# PCI Hardware Devices



## noszeratul (Jul 24, 2009)

Anyone can read this " id" ?? From Pci Card and this a wireless Adapter Resiver 54mbp: ( PCI\VEN_11AB&DEV_1FAA&SUBSYS_1FAA11AB&REV_03\4&2966AB86&0&30A4 )


----------



## makinu1der2 (Jan 1, 2008)

This would be the driver *here* (if this is what you are after)

What version of Windows is this for?


----------



## noszeratul (Jul 24, 2009)

Media Center 2005.


----------



## makinu1der2 (Jan 1, 2008)

Try the driver that I posted above. It should work.


----------



## noszeratul (Jul 24, 2009)

It install and i see the application but nothing happens.


----------



## makinu1der2 (Jan 1, 2008)

Download the file and run the .exe file.

It will extract the file to a location (wherever you have it set to)
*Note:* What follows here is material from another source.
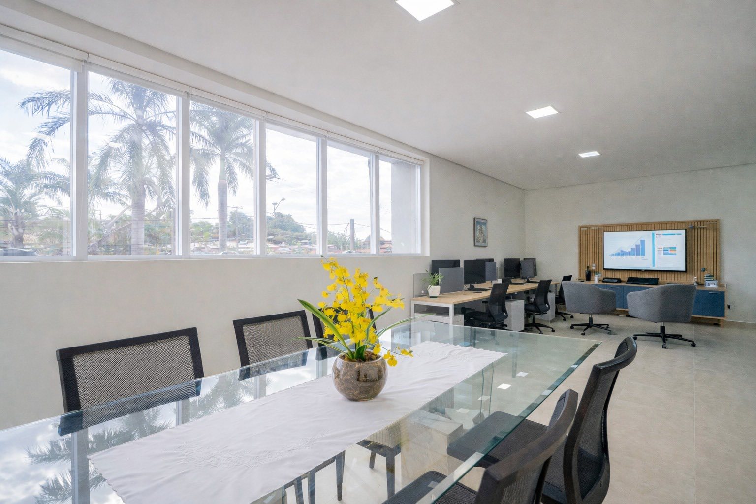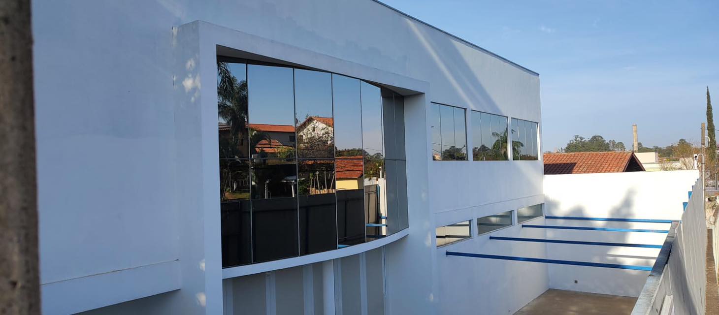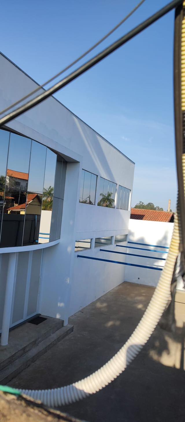 Escritório superior: 5 salas das quais 3 com ar condicionado. 1 lavado. 2 banheiros sendo 1 banheiro privativo de uma sala. 1 cozinha e 1 área de serviço com sacada 1,20 x 20,00 ml para o galpão.

Browse to the location where the files where extracted to and open the folder.

You can run the autorun file to start the installation wizard or

Install the driver through device manager.


----------



## noszeratul (Jul 24, 2009)

after that i got a ( ! ) with a diferrent name of the Model. it say's Mavell Adapter ect... and i have a Zonet Wireless PCI LAN Adapter 54mbps


----------



## makinu1der2 (Jan 1, 2008)

What is the model number on the PCI card that you have?


----------



## noszeratul (Jul 24, 2009)

ZEW1602. OFFTOPIC: How can i change the Title? or some mod change it to the correct name.


----------



## makinu1der2 (Jan 1, 2008)

Uninstall the previous driver.

Try the driver *here*

**title changed**


----------



## noszeratul (Jul 24, 2009)

i have install it and i has a " ! " In DV Manager.


----------



## makinu1der2 (Jan 1, 2008)

Right-click the device and choose properties.

What is the device status?


----------



## noszeratul (Jul 24, 2009)

PCI\VEN_11AB&DEV_1FAA&SUBSYS_1FAA11AB&REV_03\4&2966AB86&0&30A4


----------



## makinu1der2 (Jan 1, 2008)

What is listed for the device status? Not the hardware id.


----------



## noszeratul (Jul 24, 2009)

Windows cannot load the device driver for this hardware. The driver may be corrupted or missing. (Code 39)


----------



## makinu1der2 (Jan 1, 2008)

Did you remove all previous drivers that were attempted?

Uninstall the device from Device Manager and restart the PC.


----------



## noszeratul (Jul 24, 2009)

Yes!! still comes up and i even Deleted them from c:/windows/info Folder..


----------



## noszeratul (Jul 24, 2009)

nothing yet??.....


----------



## makinu1der2 (Jan 1, 2008)

Have all other drivers been loaded? Are there any other device errors listed in Device Manager?


----------



## noszeratul (Jul 24, 2009)

Yes And No.


----------